Other study variables were sex, age at the time of the study, gestational age at birth, and clinical data perceived by the mothers of the patients with CP during at-home feeding.

Procedures

The parents of the children diagnosed with CP seen at the pediatric gastroenterology and neurology services were invited to participate in the study, after the motivation behind the research, together with what was involved in a VFS, were explained. VFS is a procedure included within the diagnostic and therapeutic protocol of the pediatric gastroenterology service at the host institution, in patients with CP.

VFS was performed at the radiology service by the same certified radiologist (JJCA), through fluoroscopy and Multix Fusion Max, Siemens Icons 2008 imaging system equipment as follows: When possible, the patient was placed in the lateral position between the x-ray source and the image intensifier, with the equipment in the vertical position. If not possible, the patient was placed in a chair with his/her caretaker. The textures were prepared so they would be similar to those of the foods routinely given to the child orally. The preparation was administered with a plastic spoon, offering two to three swallows per texture, with the previous addition of 1–5ml of barium as the contrast agent. The first consistency was that of nectar, followed by that of liquid, and ending with the consistency of puree. The images were dynamically recorded. Enterex® was the commercial brand of the thickener employed to obtain the types of textures. The liquid texture was obtained by combining 90ml of water plus 13.5g of powdered barium, the texture of nectar was obtained by combining 90ml of water plus 9g of barium plus 2.25g of Enterex®, and the texture of puree was obtained by combining 90ml of water plus 9g of barium plus 9g of Enterex®. Parents were allowed to accompany the patient during the examination. They remained in the radiology room from the beginning to the end of the procedure and participated in carrying out the VFS to simulate the usual at-home feeding. The VFS findings were collected during the procedure on a form specifically designed for the present research.

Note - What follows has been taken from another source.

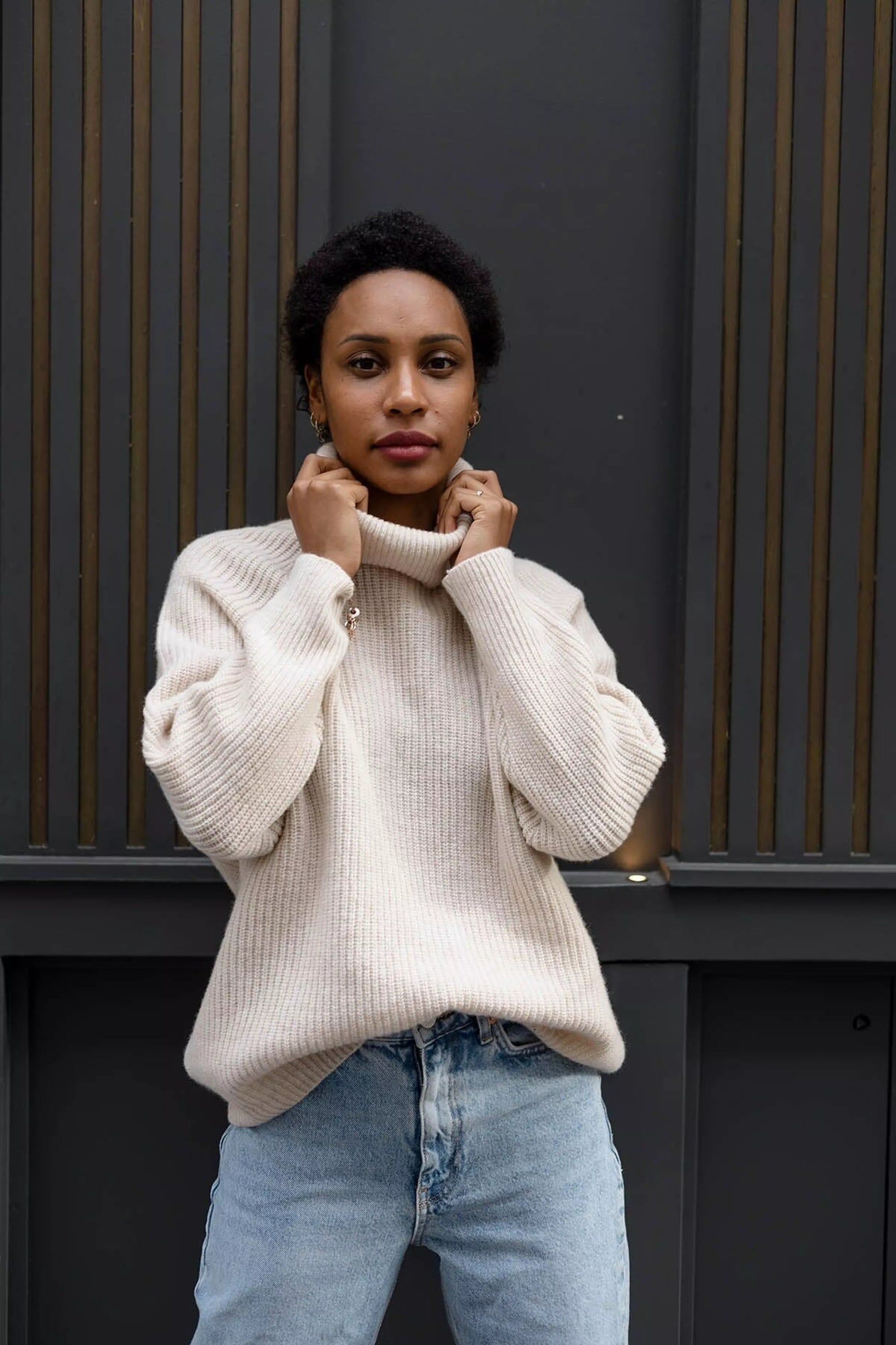 Sheinora mesure 1,63 m et porte le pull Sweet Mama beige en taille S.

One of the researchers (NGR) received first-hand information on the clinical data observed during at-home feeding from interviews with the parents. Simultaneously, the findings from the pediatric neurology evaluation were taken from the clinical case files so that the topographic forms of monoplegia, diplegia, quadriplegia, and hemiplegia could be classified. With respect to muscle tone, the CP was defined as spastic, dyskinetic, ataxic, hypotonic/flaccid, or mixed. The level of gross motor function was determined in five levels through the GMFCS14,15, ranging from level I, in which the child walks with no limitations, to level V, in which the child’s mobility is severely limited, requiring assisting devices.

The CP topographic classification was diagnosed by the pediatric neurologist that participated in the present research.

A certified nutritionist diagnosed the nutritional status and included patient weight, height, and body mass index (BMI) calculated with the weight (kg)/height (m2) formula. The measurements were carried out utilizing calibrated instruments, with the patients in lightweight underwear.

Patients that could not stand or sit independently were weighed in the supine decubitus position on a Seca infantometer (50g accuracy) and those that could stand independently were weighed on a Seca scale (0.1kg accuracy). The child was placed at the center of the scale (standing or in the supine decubitus position) with arms hanging at each side of the body, looking straight ahead. The weight of the children that could not stand unassisted was obtained after subtracting the mother’s weight16.

To measure height, the patients stood upright on a horizontal plane with head, back, buttocks, and calves against the vertical bar of the instrument. The head (with the Frankfort horizontal as the reference plane) touched the mobile bar of the measuring scale, applying slight pressure to the mastoid processes. The patients were measured using a Seca Harpenden stadiometer (0.1cm accuracy). The children whose condition did not allow them to be measured were evaluated using formulas for estimating height with the length of the tibia (cm) and height of the knee (cm)16.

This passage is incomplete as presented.